Barchart - Thu Oct 12, 2023

What you need to know…

The S&P 500 Index ($SPX) (SPY) on Thursday closed down -0.62%, the Dow Jones Industrials Index ($DOWI) (DIA) closed down -0.51%, and the Nasdaq 100 Index ($IUXX) (QQQ) closed down -0.37%.

Stocks on Thursday posted moderate losses as T-note yields rose on the stronger-than-expected U.S. Sep CPI report.  Also, weekly U.S. initial unemployment claims were unchanged, stronger than expectations for a slight increase and a hawkish factor for Fed policy.  Thursday’s hawkish reports keep in play the possibility of one more Fed rate hike this year.  Stocks extended their losses Thursday afternoon when T-note yields rose even higher on weak demand for the Treasury’s $20 billion 30-year T-bond auction.

Concern that the conflict between Israel and Hamas will spread in the Middle East is another negative factor for stocks on reports that Israel carried out airstrikes on the main airports in Damascus and Aleppo in Syria.

U.S. Sep CPI rose +3.7% y/y, unchanged from Aug and stronger than expectations of a decline to +3.6% y/y.  Sep CPI ex-food and energy eased to 4.1% y/y from +4.3% y/y in Aug, right on expectations and the smallest increase in 2 years.

U.S. weekly initial unemployment claims were unchanged at 209,000, showing a slightly stronger labor market than expectations of an increase to 210,000.

Comments from Boston Fed President Collins suggest she favors pausing Fed rate hikes when she said, "The rise in long-term yields implies some tightening of financial conditions, and if it persists, it likely reduces the need for further monetary-policy tightening in the near term."

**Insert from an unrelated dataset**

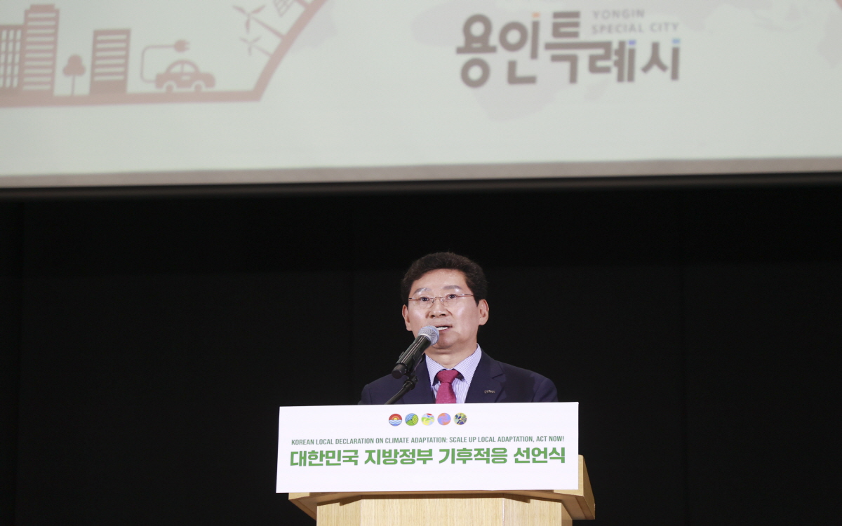 용인특례시(시장 이상일)는 30일 환경부 주최로 열린, ‘대한민국 지방정부 기후적응 선언식’에 이 시장이 참석해, 기후위기에 대응하는 용인의 사례를 발표했다고 31일 밝혔다.

The markets are discounting a 12% chance that the FOMC will raise the funds rate by +25 bp at the next FOMC meeting that ends on November 1, and a 38% chance for that +25 bp rate hike at the following meeting that ends on December 13.  The markets are then expecting the FOMC to begin cutting rates in the second half of 2024 in response to an expected slowdown in the U.S. economy.

U.S. and European bond yields Thursday moved higher.  The 10-year T-note recovered from a 1-1/2 week low of 4.515% and finished up +14.5 bp at 4.703%.  The 10-year German bund yield rebounded from a 2-1/2 week low of 2.685% and finished up +6.8 bp at 2.786%.  The 10-year UK gilt yield recovered from a 2-week low of 4.284% and finished up +9.4 bp at 4.423%. 

The account of the Sep 13-14 ECB meeting showed the decision to raise interest rates by 25 bp was a "close call," as policymakers assessed that the risks of tightening too much and the risks of tightening too little had become "more balanced."  The minutes suggest the ECB may pause its rate hike campaign. 

ECB Governing Council member Centeno said, "With the current level of interest rates, we will be making a substantial contribution to the 2% inflation objective.  We will get there by continuing this monetary policy stance, holding on for a while until we are totally sure that inflation is coming down."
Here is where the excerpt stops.